When I became a mother, I wish someone told me that families have seasons. I should have figured this out early on, but when my first child arrived it threw me headfirst into a sea of hormones and breast milk and sleep-deprivation–the likes of which no one understands unless they are also a mother or a prisoner of war. Once I found myself able to tread water and to think the occasional coherent thought, I decided to dive deep again. And just like that I jumped right back into baby-ing, this time with a pre-schooler, then two in tow.
After my third child started pre-school, and treading water became the norm, it occurred to me that the baby season was well and truly over. I could breathe again. Maybe you are here too. In this new season, we can trust our weight to stay the same (ish) and our nights to follow a predictable pattern and our boobs to never grow back. We can trust ourselves to feel fully human. Only this human, this new version of us, feels so entirely different from the person we were pre-parenthood, we must get to know ourselves all over again. We also have to get to know this new version of our family–the one where little people leave the house and sit under the influence of teachers and girls who gossip and boys who teach others how to fart with their armpit.

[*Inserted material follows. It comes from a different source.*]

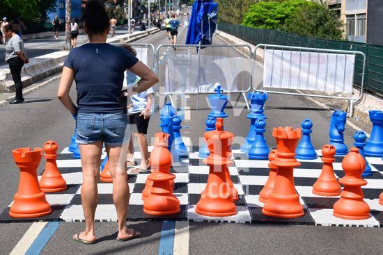 2811489 Minhocão. Lazer e atividade física no centro da cidade. Elevado Presidente João Goulart, chamado também de Parque Municipal do Minhocão. Fechado para lazer aos domingos e feriados, é um local de turismo para residentes e turistas. Antigo Elevado Costa e Silva. Na foto, jogo de xadrez com peças gigantes.
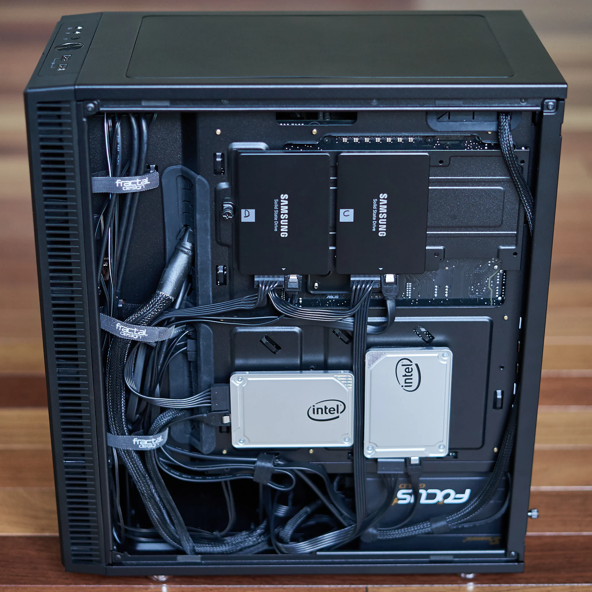 Also note that for most people, this many drives is likely overkill. I use the two Intel drives in a mirrored RAID configuration to avoid losing any data when I work on video editing. The extra Samsung drive is used to store game development projects, and its data is always backed up through version control software.

When I became a mother, I wish someone had told me that families have seasons, and I will have to change and grow with them. I will have to rediscover who my family is in each new season. No relationship is static, and the shape of our families will change and so will our role in it. This is good and healthy and terribly hard when we realize our children don’t need the mother they had yesterday. They need today’s mama, a new version of us who emerges as we adjust to a more grown-up version of them.
I’ve spent time in the choppy waters of transitional seasons too, where some members of our family grow in a new direction and others have a few years of the same-old, same-old to go. Here, the water treading sometimes stops for an impromptu walk on the beach (savor these moments) or more likely, for one long breathless dive. These are the trickiest to manage, and here we may find ourselves reaching for a life-preserver when seasons collide. The current pulls us in opposite directions when we try to manage the inevitable conflict of interest between one child’s needs vs the other’s vs our own.
When I became a mother, I wish someone told me that families have seasons, and that each season will build on the last. Those sleepless nights? Good practice for the high school years when parties and late nights and teen drivers keep you awake well past your geriatric bed time. Those hormones? Good practice for remembering how they make you feel slightly off-balanced and crazy–kind of like your kid when he hits puberty. Those hours of quiet during the school years? Good practice for you to embrace the quiet as sustenance for the after-hours, when all is loud and chaotic and busy.
When I became a mother, I wish someone sat me down and told me that families have seasons, and you reap every sleepless night, whispered prayer, disciplinary action, mac and cheese meal, hug, listening ear, chauffeur duty, sacrifice, and ounce of mama love that you sow.